**GOAL OF THE EXERCISE**:
Would you please repeat exactly the entries below, starting at the line with "3个/卡4cm渐变星星发夹侧边夹刘海夹碎发发卡五角星头发夹子头饰" and ending at the line with "Fairfax & Favor.", and nothing outside that range? Leave out the pictures.

START TASK DATA

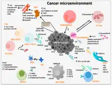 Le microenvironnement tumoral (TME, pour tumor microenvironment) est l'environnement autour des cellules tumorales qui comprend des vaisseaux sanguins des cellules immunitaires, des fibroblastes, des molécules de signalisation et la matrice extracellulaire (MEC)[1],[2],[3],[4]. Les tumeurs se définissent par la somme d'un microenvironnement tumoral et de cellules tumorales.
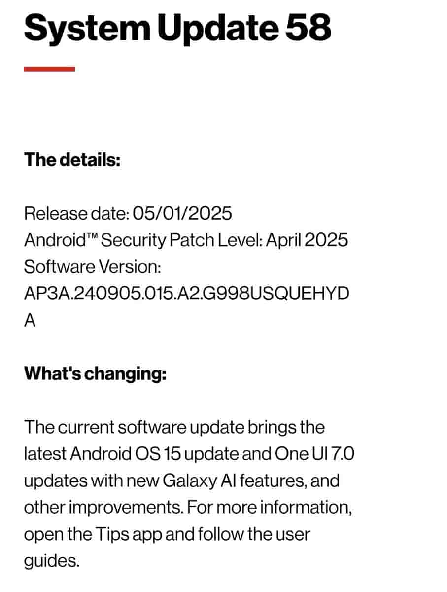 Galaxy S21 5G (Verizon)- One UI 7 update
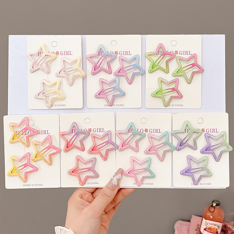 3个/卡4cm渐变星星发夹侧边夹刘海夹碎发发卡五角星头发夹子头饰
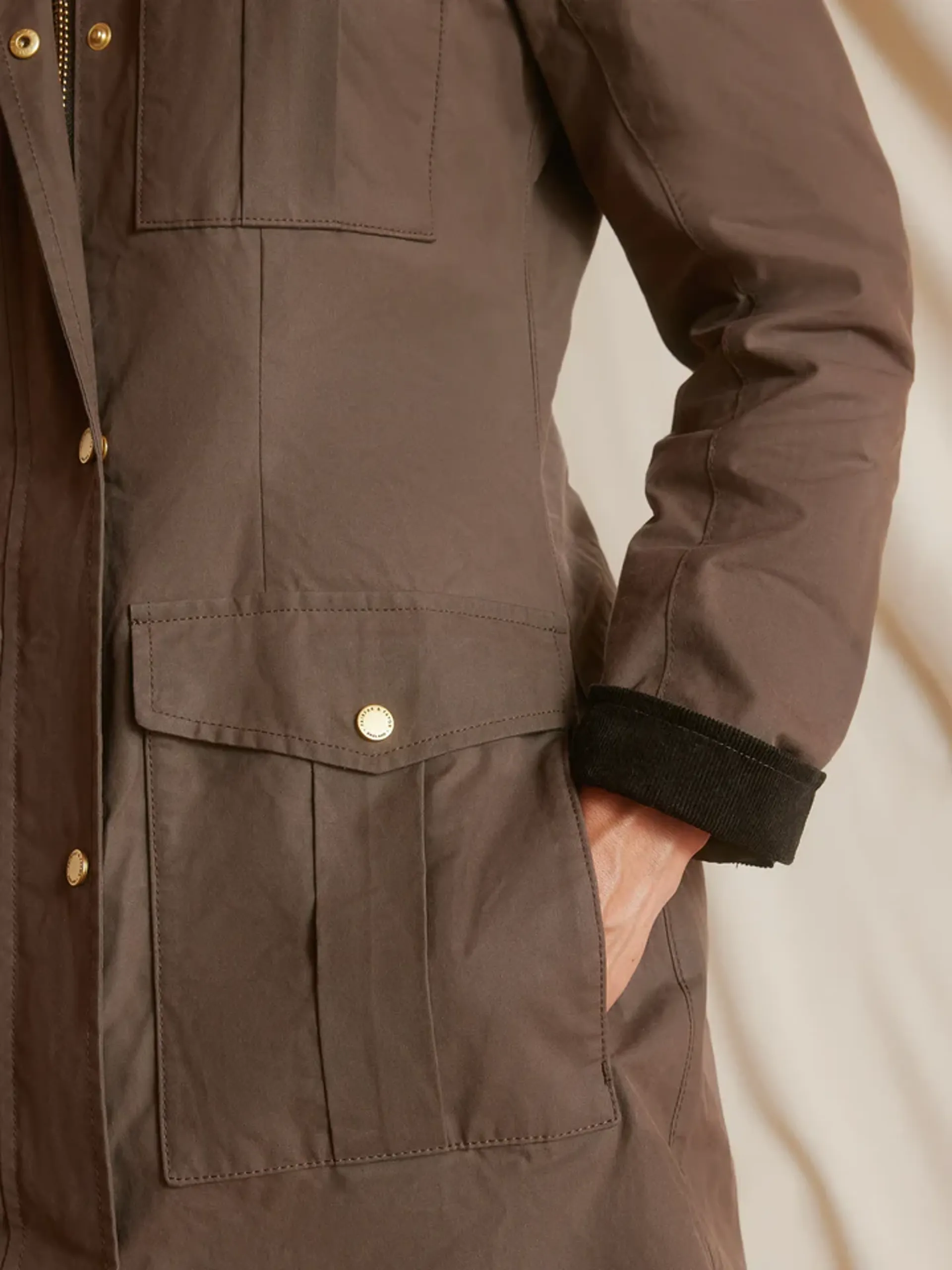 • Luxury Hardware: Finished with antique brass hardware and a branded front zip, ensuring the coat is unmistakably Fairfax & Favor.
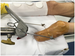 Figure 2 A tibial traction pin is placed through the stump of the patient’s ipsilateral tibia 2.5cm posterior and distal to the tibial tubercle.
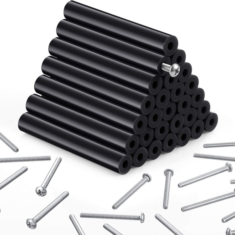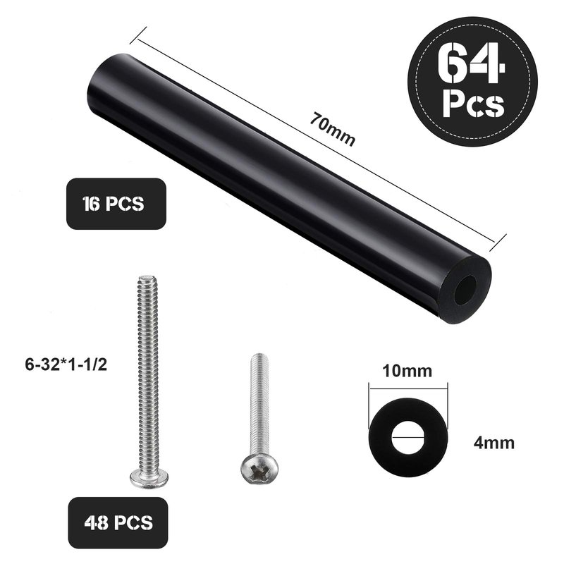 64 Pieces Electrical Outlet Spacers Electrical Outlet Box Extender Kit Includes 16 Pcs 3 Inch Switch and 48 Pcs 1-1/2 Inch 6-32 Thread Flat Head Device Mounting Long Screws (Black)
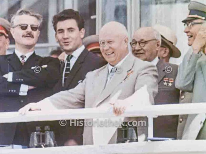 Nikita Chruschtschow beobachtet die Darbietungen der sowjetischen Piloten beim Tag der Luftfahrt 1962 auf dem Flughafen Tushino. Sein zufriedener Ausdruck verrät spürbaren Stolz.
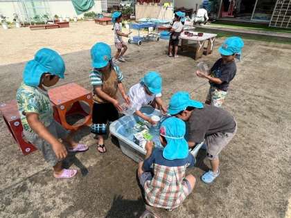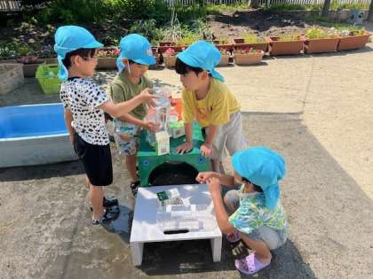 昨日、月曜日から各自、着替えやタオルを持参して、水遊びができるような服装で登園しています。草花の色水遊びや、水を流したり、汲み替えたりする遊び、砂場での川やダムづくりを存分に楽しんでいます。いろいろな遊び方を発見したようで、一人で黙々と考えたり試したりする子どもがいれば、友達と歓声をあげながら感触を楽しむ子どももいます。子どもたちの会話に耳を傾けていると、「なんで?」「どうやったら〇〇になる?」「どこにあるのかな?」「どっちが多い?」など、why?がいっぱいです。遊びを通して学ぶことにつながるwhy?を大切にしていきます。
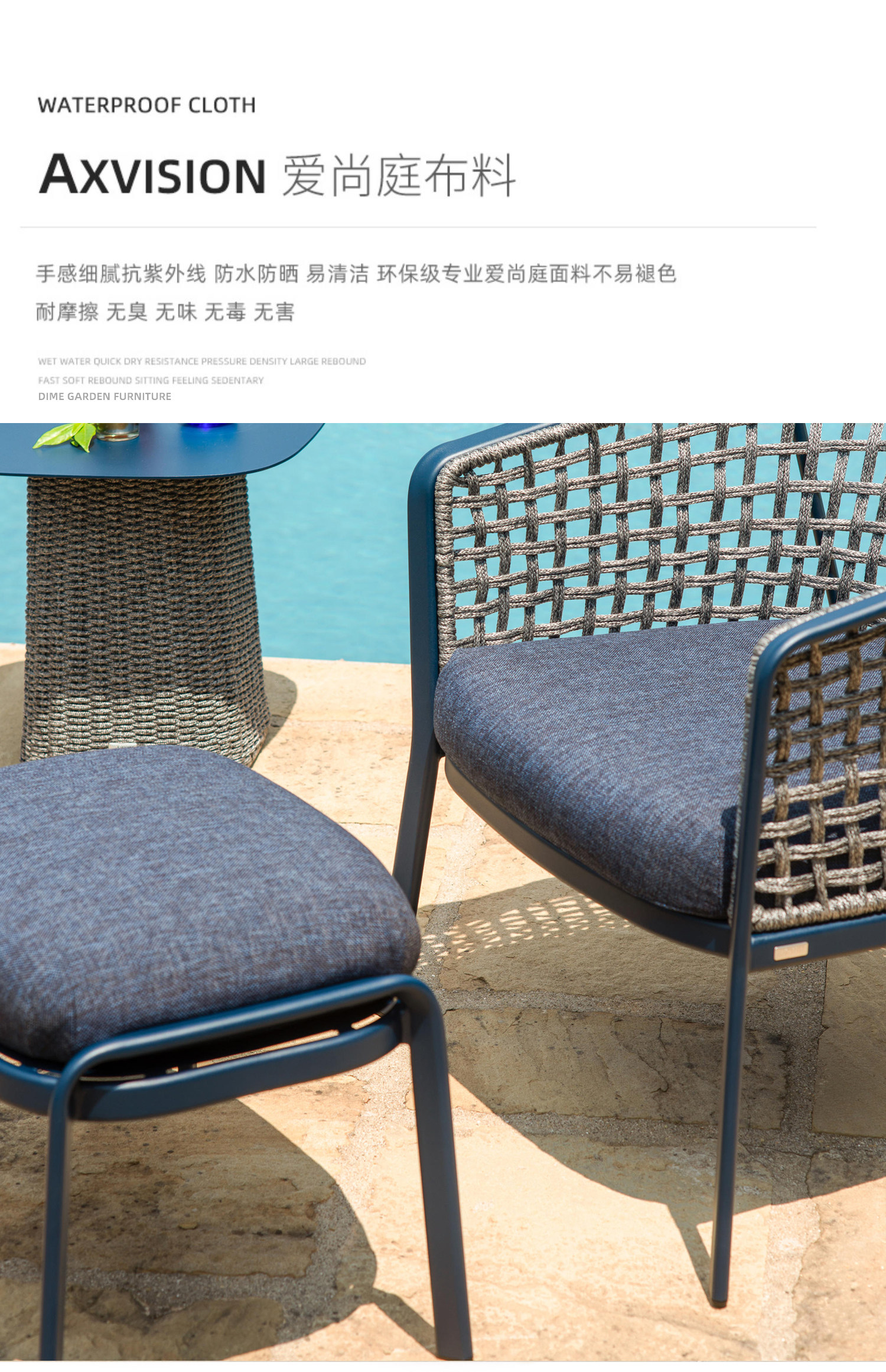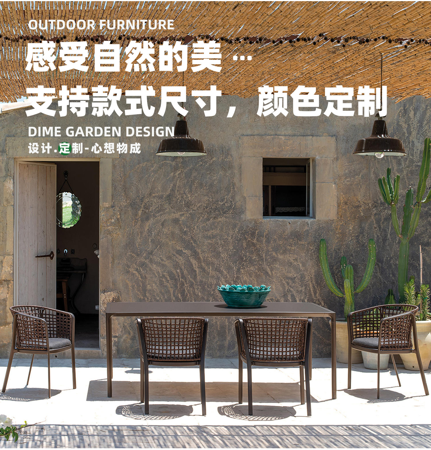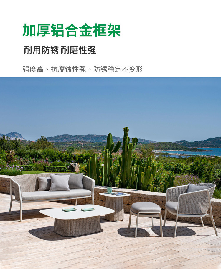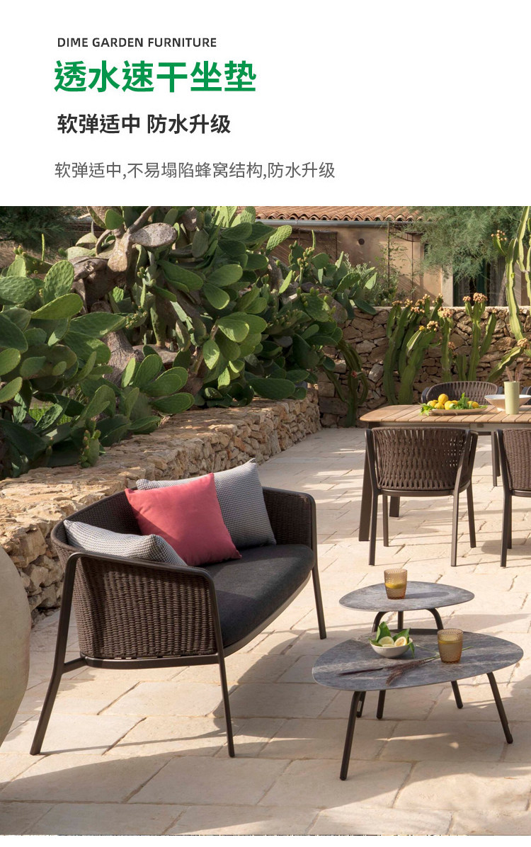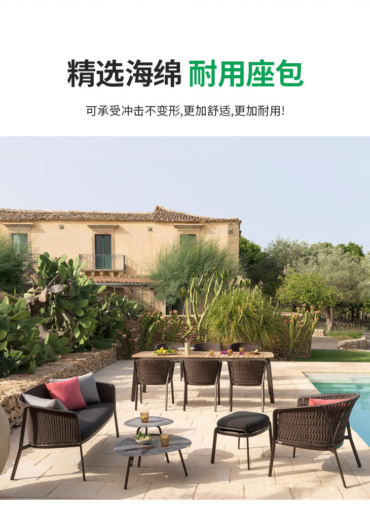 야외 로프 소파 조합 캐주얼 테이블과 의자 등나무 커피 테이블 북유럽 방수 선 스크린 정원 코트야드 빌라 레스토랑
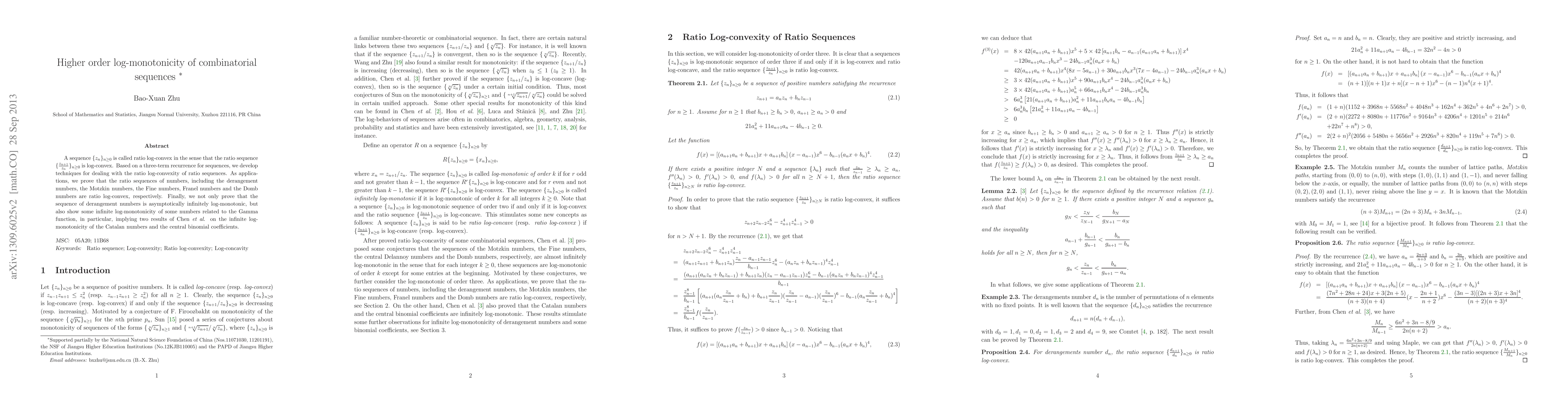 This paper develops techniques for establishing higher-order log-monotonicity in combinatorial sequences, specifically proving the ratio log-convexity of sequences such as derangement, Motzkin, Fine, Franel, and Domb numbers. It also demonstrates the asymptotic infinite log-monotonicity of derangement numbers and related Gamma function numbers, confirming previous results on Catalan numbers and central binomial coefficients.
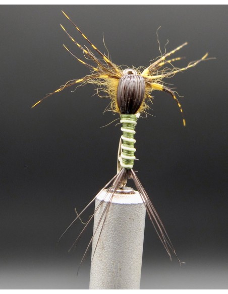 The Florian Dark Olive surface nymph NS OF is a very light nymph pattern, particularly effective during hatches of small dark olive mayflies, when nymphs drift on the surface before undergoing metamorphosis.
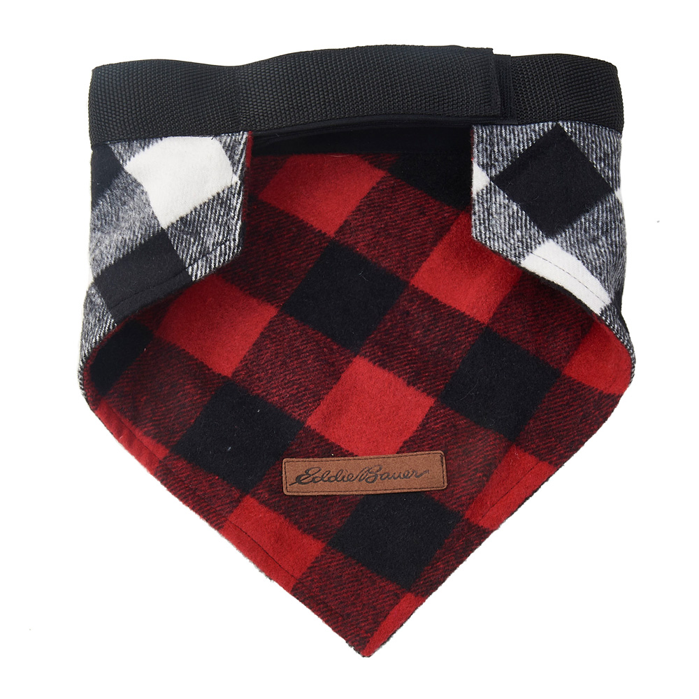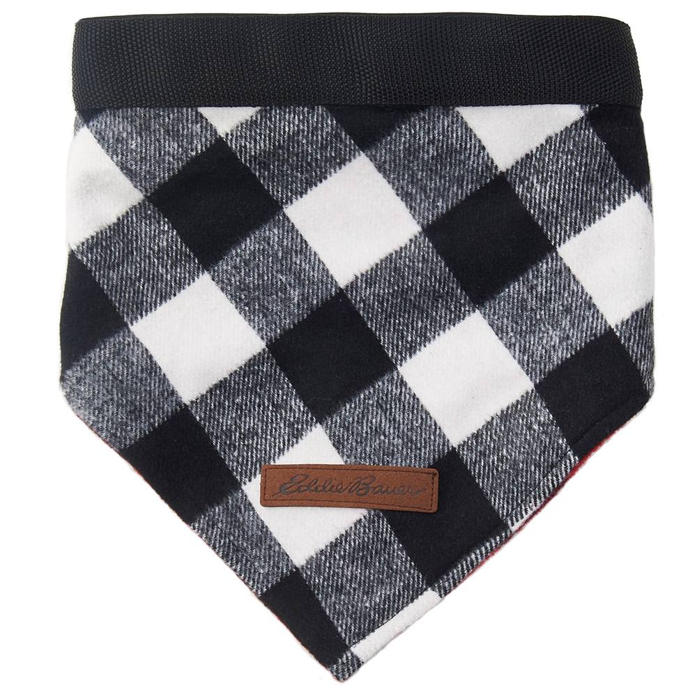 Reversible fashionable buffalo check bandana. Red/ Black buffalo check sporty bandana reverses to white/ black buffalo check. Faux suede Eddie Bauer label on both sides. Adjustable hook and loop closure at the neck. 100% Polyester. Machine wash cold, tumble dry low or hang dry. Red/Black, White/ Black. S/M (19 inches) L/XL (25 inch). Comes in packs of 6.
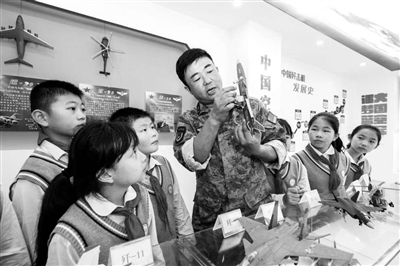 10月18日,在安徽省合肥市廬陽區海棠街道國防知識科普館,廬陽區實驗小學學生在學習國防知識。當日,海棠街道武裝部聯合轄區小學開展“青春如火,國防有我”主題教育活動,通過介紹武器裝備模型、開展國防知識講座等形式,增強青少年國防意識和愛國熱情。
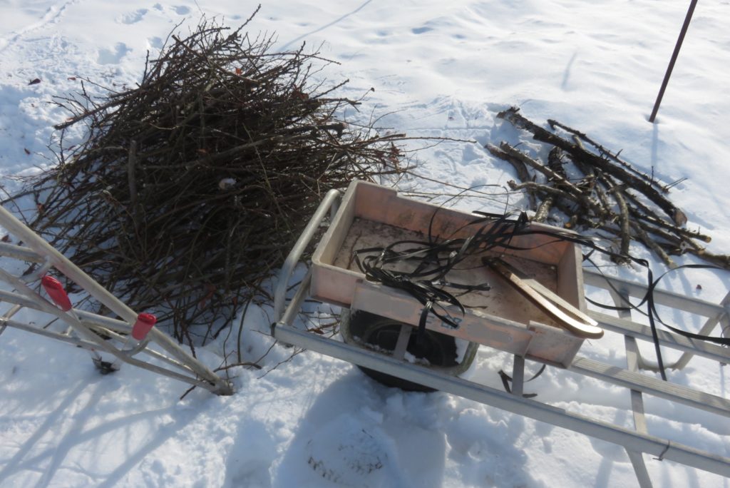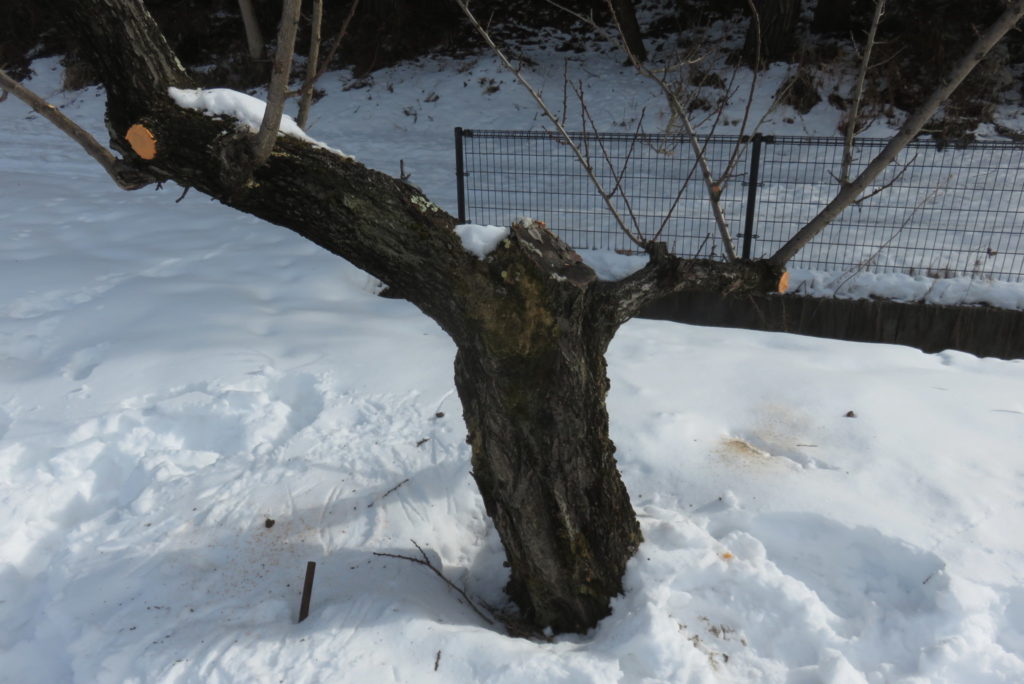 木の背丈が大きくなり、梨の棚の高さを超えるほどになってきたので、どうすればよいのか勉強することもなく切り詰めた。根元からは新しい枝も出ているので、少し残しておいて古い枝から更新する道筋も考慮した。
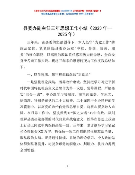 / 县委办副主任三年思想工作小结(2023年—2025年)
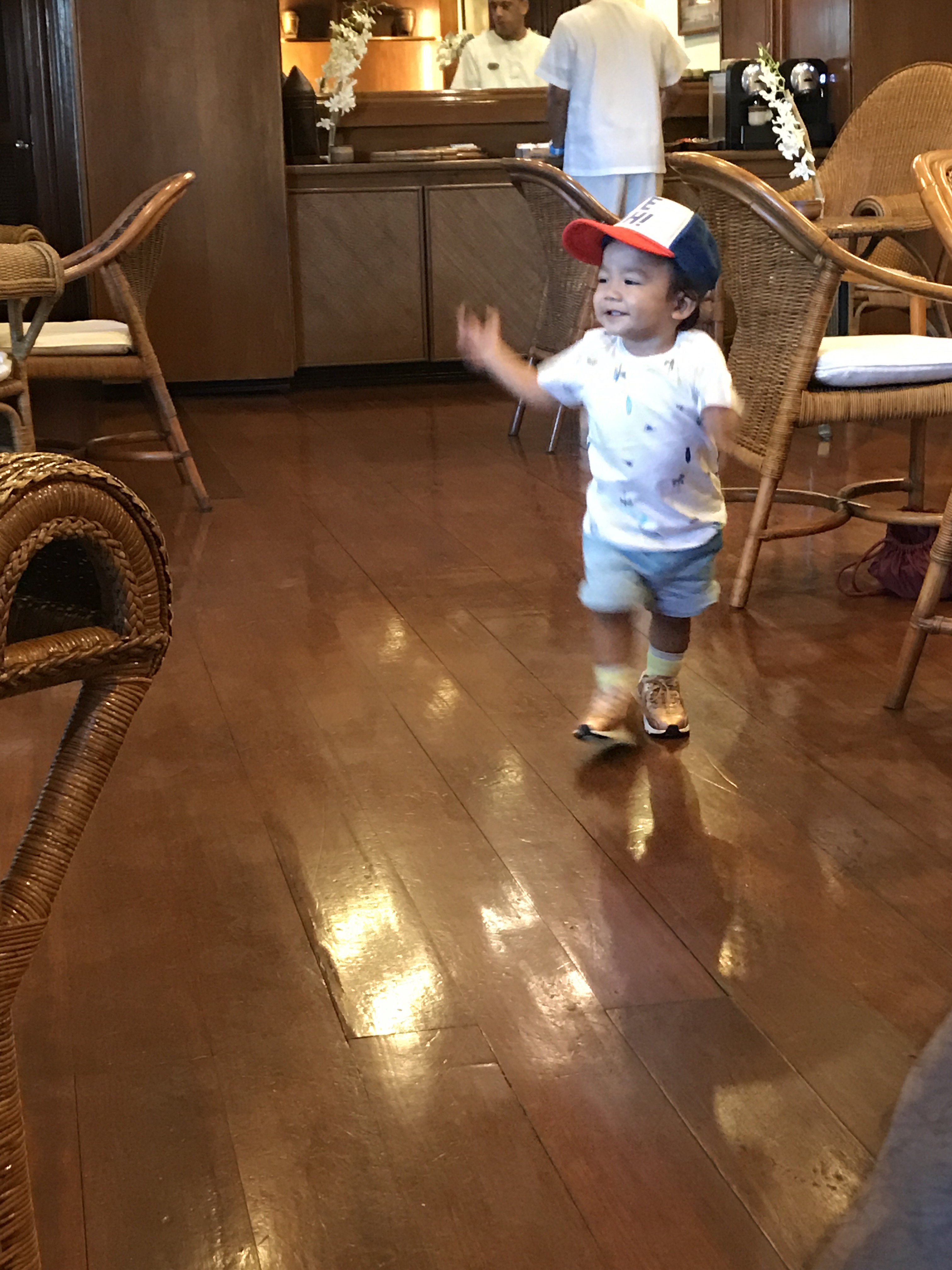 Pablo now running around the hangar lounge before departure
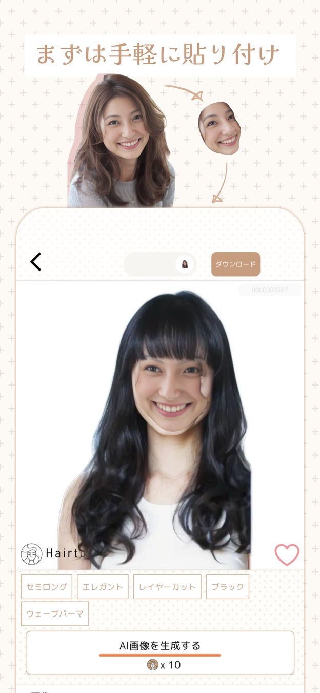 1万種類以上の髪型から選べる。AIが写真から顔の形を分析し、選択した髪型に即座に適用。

END TASK DATA

**RESPONSE TO THIS EXERCISE**:
 3个/卡4cm渐变星星发夹侧边夹刘海夹碎发发卡五角星头发夹子头饰
 • Luxury Hardware: Finished with antique brass hardware and a branded front zip, ensuring the coat is unmistakably Fairfax & Favor.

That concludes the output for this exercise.